What’s going on? Why does Jesus treat her this way? And why, out of all the stories that Mark could tell, why does Mark include this less than flattering story about Jesus?
Well, first, there’s a big clue about the situation in the first sentence of this story. It’s in the geography. “From there, he set out and went to the region of Tyre.” The region of Tyre, which included Sidon in the north, was the northern-most territory included in the Promised Land, back when Joshua led the people into the land of Canaan. It was a place of promise, of rest after long journeys, of new life. But Tyre and Sidon weren’t small, dusty backwaters. They were ancient and well-known cities. Not only had they been around and well-populated for over 1,000 years, they were beach towns, resort towns. So when Mark tells us, “he set out and went to the region of Tyre,” and that he entered a house and didn’t want anyone to know that he was there, we could translate: Jesus headed to the beach, and he wanted to be anonymous. In short, he was exhausted and needed a vacation.
Of course, he had barely sat down since he started his public ministry at the synagogue back home in Nazareth and then healed Peter’s mother-in-law. From that time onward, people started mobbing Jesus, seeking healing. And everywhere he went, it was like Friday night in the ER waiting room.
So Jesus has just tried to get a few days off, and instead, like all the preceeding healing stories, word has gotten out, and a woman Jesus doesn’t even know comes looking for him. So here she comes, desperate, and here’s Jesus, desperately tired. They are two people at their worst.
It’s at that point that Jesus and the Syrophoenician woman have a conversation that changes everything. She begs him to heal his daughter, and he refuses, telling her to get in line, and basically calling her a dog. It’s not Jesus’ finest moment. Where is the Jesus who says things like, “Let the children come to me” and “Ask and you shall receive” and “your faith has made you well.” Instead, he tells her that the children come before the dogs.
So she has a choice- she can accept what he says and slink away, or she can try again. This brave and desperate woman turns and creatively reframes what Jesus says. “Alright, Jesus, but even the puppies under the table get enough by eating the crumbs.”
Perhaps her courage was born of desperation, but God uses her and her faith to heal and restore both of them. She expands Jesus’ vision to include the Gentiles, the outsiders, those that others consider beneath their notice. Then Jesus sees her, truly sees her, and finds the energy to heal her daughter.
But she is not the only one changed by their encounter, and we know this, too, because of geography. In the very next story, which we heard read in our gospel today, Jesus returned from Tyre to the region of the Decapolis near the Sea of Galilee by way of Sidon.

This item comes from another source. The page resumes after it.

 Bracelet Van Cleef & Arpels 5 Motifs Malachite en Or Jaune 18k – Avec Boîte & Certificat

To give you a little context, it would be like saying, Jesus returned from Cannon Beach to Bend by way of the Olympic Peninsula. It was not exactly on the way. He heads east by going north. It makes no sense.

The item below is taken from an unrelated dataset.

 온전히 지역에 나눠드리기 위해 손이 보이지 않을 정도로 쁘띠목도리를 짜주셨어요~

But when they bring to him a deaf man in Sidon, who is almost certainly a Gentile, Jesus does not hesitate but heals him. And it is as if every scripture of the Old Testament has been fulfilled.

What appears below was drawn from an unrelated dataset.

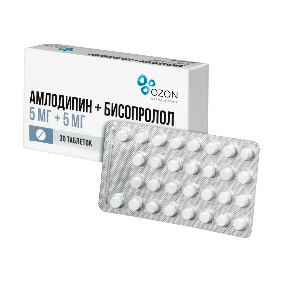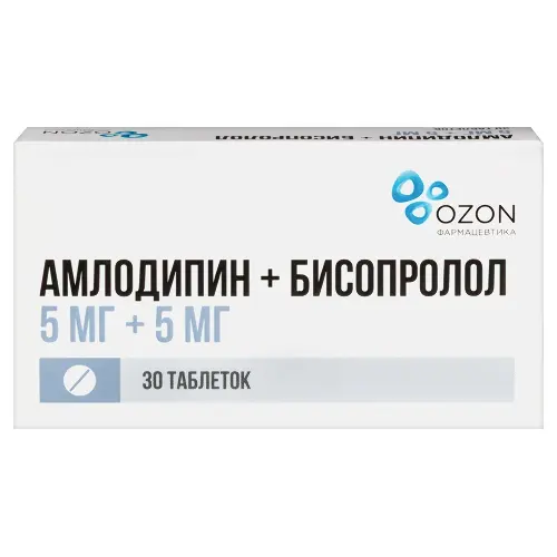 Данные представлены по системно-органным классам в соответствии со словарем MedDRA и со следующей частотой: очень часто (≥ 1/10); часто (от ≥ 1/100 до < 1/10); нечасто (от ≥ 1/1000 до < 1/100); редко (от ≥ 1/10000 до < 1/1000); очень редко (< 1/10000); частота неизвестна (не может быть установлена на основании имеющихся данных).Класс системы органов MedDRA Частота Нежелательные эффекты бисопролола Нежелательные эффекты амлодипинаНарушения со стороны крови и лимфатической системы Очень редко Тромбоцитопения, лейкопенияНарушения со стороны иммунной системы Очень редко Аллергические реакцииНарушения со стороны обмена веществ и питания РедкоПовышение концентрации триглицеридов к кровиОчень редко Гипергликемия (у пациентов сахарным диабетом 2 типа), гипогликемия (у пациентов, получающих инсулин), гипотиреоидное состояние. ГипергликемияНарушения со стороны психики Нечасто Депрессия Лабильность настроения, бессонница, необычные сновидения, повышенная возбудимость, депрессия, тревогаРедко Галлюцинации, ночные кошмары Апатия, ажитация, спутанность сознанияНарушения со стороны нервной системы Часто Головокружение, головная боль Сонливость, головокружение, головная больНечасто Бессонница Синкопе, тремор, дисгевзия, гипестезия, парестезияРедко Обморок МигреньОчень редкоПериферическая нейропатия, атаксия, амнезия, паросмияЧастота неизвестна Экстрапирамидные нарушенияНарушения со стороны органа зрения НечастоРасстройства зрения (диплопия, нарушение аккомодации), ксерофтальмия, боль в глазахРедкоСнижение слезоотделения (следует учитывать при ношении контактных линз)Очень редко КонъюнктивитНарушения со стороны органа слуха и лабиринтные нарушения НечастоШум в ушахРедко Нарушение слухаНарушения со стороны сердца Часто Учащенное сердцебиениеНечасто Нарушение AV проводимости, брадикардия, усугубление течения ХСНРедко Усугубление течения ХСНОчень редко Инфаркт миокарда, желудочковая тахикардия, фибрилляция предсердий, аритмияНарушения со стороны сосудов Часто Ощущение похолодания или онемения в конечностях, выраженное снижение АД Гиперемия кожиНечасто Ортостатическая гипотензия Выраженное снижение АД, ортостатическая гипотензияОчень редко ВаскулитНарушения со стороны дыхательной системы, органов грудной клетки и средостения Часто ОдышкаНечасто Бронхоспазм у пациентов с бронхиальной астмой или обструкцией дыхательных путей в анамнезе Диспноэ, ринит, носовое кровотечениеРедко Аллергический ринитОчень редко КашельНарушения со стороны желудочно-кишечного тракта Часто Тошнота, рвота, диарея, запор Боль в животе, тошнотаНечасто Рвота, диспепсия, запор или диарея, сухость слизистой оболочки полости рта, анорексия, жаждаРедко Повышение аппетитаОчень редко Панкреатит, гастрит, гиперплазия десенНарушения со стороны печени и желчевыводящих путей Редко ГепатитОчень редко Гепатит, желтуха, холестазНарушения со стороны кожи и подкожных тканей Нечасто Кожная сыпь, пурпура, кожный зуд, ксеродермия, крапивница, экзантемаРедко Реакции повышенной чувствительности, такие как кожный зуд, кожная сыпь, гиперемия кожных покровов Эксфолиативный дерматитОчень редкоАлопеция. Бета-адреноблокаторы могут способствовать обострению течения псориаза или вызывать псориазоподобную сыпьМультиформная экссудативная эритема, ангионевротический отек, ур

Mark may have included the story because it was part of his telling of what Jesus did, but this story would have become significant for Gentiles entering the church and even more important for Jewish people who followed Jesus first but thought of gentiles as dogs. This story remains a powerful story for us, the followers of Jesus. It is a powerful story for those of us who might feel like the children of God, but on our worst days we may feel unworthy of sitting at the table. It is especially powerful today as we hear stories of the descendants of the Syrophoenician people who are even now seeking a place for new life. This story reminds us that there is no hierarchy in Jesus’ waiting room, that Jesus the Doctor will see us all. Jesus heals us all, feeding us with abundant life and welcoming us all to the table of life.